Herkes kendi gönül dergâhının seyyâhıdır aslında. Gönlü Hakk’ın dergâhı hâline getirmek dünyâya bakış tarzınızla alakalı. Dünyâya bakış tarzınız ise davranışları belirliyor hatta biçimlendiriyor. Dünya hayâtını yaşarken de bu davranış ölçüleri sizi dünyâda gezdiriyor sonra bu durum yüreğinize güzellikler, zihninize birikimler dolduruyor.
İnsanlar iç dünyâlarının gezgini olurken dış gezginliklerini ruhlarının isteklerine uygun olarak düzenlerler. Meselâ müminlerin ruh dünyâlarını feyiz ve füyuzatlarla dolduran mekanlara yolculuk hakikatte iç âlemin yâni mânâ doluluğunun göstergesidir. Hakk’ın evi Kâbe’ye, Hakk’ın en Sevgilisi Hz. Muhammed aleyhisselâm’ın beldesi Medine-i Münevvere’ye yolculuk Müslüman’ın gönül seyrinin neticesidir. Hakk’a yakınlaşma ve hakikate ulaşma yolculuğu mümin gönlünün sırlı mayasıdır.
Gönülde ne varsa insan bedenen ve rûhen oraya akar. O sebeple gönlü beslemek ehemmiyet arz eder. Beslemek ama neyle??? Mevcut her şeyin birbiriyle ilgili olduğu bilinir. Dış ve iç, beden ve mâna, bâtın ve zâhir hep birbiriyle alâkalıdır. Gece ile gündüz, insan ile dünya arasındaki bağlantıyı insan dünya yolculuğunda daha iyi anlayabiliyor. Dışımızda bizi herhangi bir işe yönlendirme, hakikatte iç dünyâmızın isteğinin sonucudur. Herkes kendi iç dünyâsını gezginidir. Kişi nerelerde hangi ortamlarda geziniyor ise kendi gerçeğindeki sırrı kavramaya o denli yaklaşıyor demektir.

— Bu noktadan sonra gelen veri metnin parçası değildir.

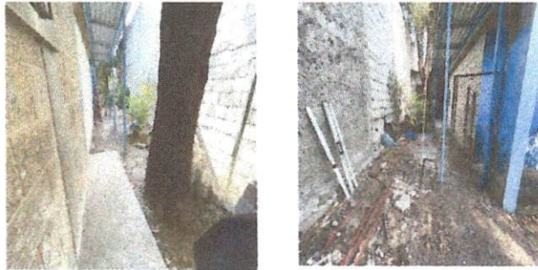
Foto 4. Reparación de planchas de concreto de patio en área de 3.5*2.2 metros * 8 centímetros de espesor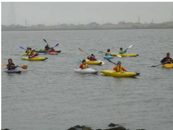
利根川右岸を航行する最後尾班

Tabi insanın iç âleminin isteklerine göre dünyâda gerçekleştirdiği dış gezginliklerde çeşitli durakları olacaktır. Bu duraklar duruma göre kişiye mesâfe kat ettirebilirken hayat yolculuğunda duraklamasına da sebebiyet verebilir. Mesele, ya duraklamadan hep seviye ile yola devam edebilmek yoksa o duraklamalardan ders alarak mesâfe kat edebilmektir. Bu kişideki birikimin kalitesiyle ölçülür. İnsan olmanın idrâkınde bulunanlar, içlerinde bir cevher taşıdıklarının farkında olmalıdır. Bu gerçeği akletmesi kişi için önemli bir kazanımdır. Hakikat yolculunda insan içinde taşıdığı cevheri merak etmeli ve bu cevherin aslına dönme yolculuğunun mihenk taşı olduğu gerçeğini kavraması, varlığının güzelliğine erişmesi anlamındadır.

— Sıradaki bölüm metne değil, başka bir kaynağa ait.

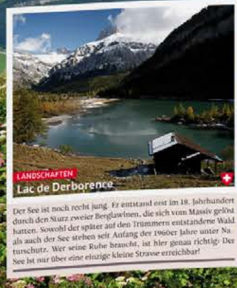
LANDSCHAFTEN Lac de Derborence Der See ist noch recht jung. Er entstand erst im 18. Jahrhundert durch den Sturz zweier Berglawinen, die sich vom Massiv gelöst hatten. Sowohl der See als auch der 1906er Jahre unter Naturschutz. Wer seine Ruhe braucht, ist hier genau richtig! Der See ist nur über eine einzige kleine Strasse erreichbar!

S nowboarden auf Viertausendern, Wanderungen durch saftig-grüne Täler oder idyllische Bergdörfer, Metropolen, in denen das Leben pulsiert – in der Schweiz ist das alles möglich. Nirgendwo sonst auf der Welt liegen Modernität und Tradition so eng beieinander wie in der Eidgenossenschaft. Kein Wunder, dass Jahr für Jahr Millionen begeisterter Besucher aus aller Welt die Schweiz zum Traumziel erklären. In diesem Land gibt es einfach immer wieder neues zu entdecken, auch für Schweizer!

Hakikati nerede arıyorsanız siz o’sunuz. Müslümanların kalbî hassâsiyetleri ve kalbî mahremiyetleri kutsal beldelere yönelik olursa mümin kişi kendisini oraya dâir bir âidiyette hisseder. Dünya global bir köy gibi düşünülse ‘Müslüman âidiyetlerine göre’ kendini yalnız hissetmez. Zira varlığın kalbi Ka’be’de cem olur. Müminler Kâ’be’yi tavaf ederken bir yandan kendi kalbinin âidiyet huzûrunu yaşarken bir yandan da kalbînin mahremiyet dehlizlerinde dolaşır. İnsan bilhassa mümin âidiyetini hissederek yeryüzünde yürürse kendini güçlü ve mutlu hisseder. Ona göre yeryüzü bir mesciddir.
Ancak ne var ki bugün evini-barkını, yurdunu-yuvasını terk eden pek çok mülteci bulundukları mekanlarda ne âidiyet duygusunu yaşayabiliyorlar ne de en doğal hakları olan huzurla insâni yaşam hakkına sâhip olabiliyor. Yersiz-yurtsuz, âidiyetsiz bir dünya vatandaşı olmak dünya gezgincisi için en acı sondur, istenmeyen bir durumdur.
Velhâsıl dünyâda âdeta bir sefer hâlinde bulunan insanoğlu kendinde bulunan hakikat cevherini idrak ederek dünya yolcuğunda sefer yaparken ancak vahiy gerçeğinden ayrılmadan insan olma sırrını keşfedebilir. Gönül seyyâhı olabilmek, kalp ilmini tâlim etmekle mümkündür. Bu husus Rasûlullah aleyhissalâtu vesselâm’ın emânetinin taşıyıcıları rehber şahsiyetlerin bize damıttıklarından istifâdeyle daha kolay anlaşılabilir. Bunun için Mevlânâ’ların, Ahmet Yesevîlerin, İbni Arâbilerin, Hacı Bayrâmi Velîlerin, Yunus Emre’lerin Anadolu erenlerinin izlerini sürmeli ve yola revân olmalı.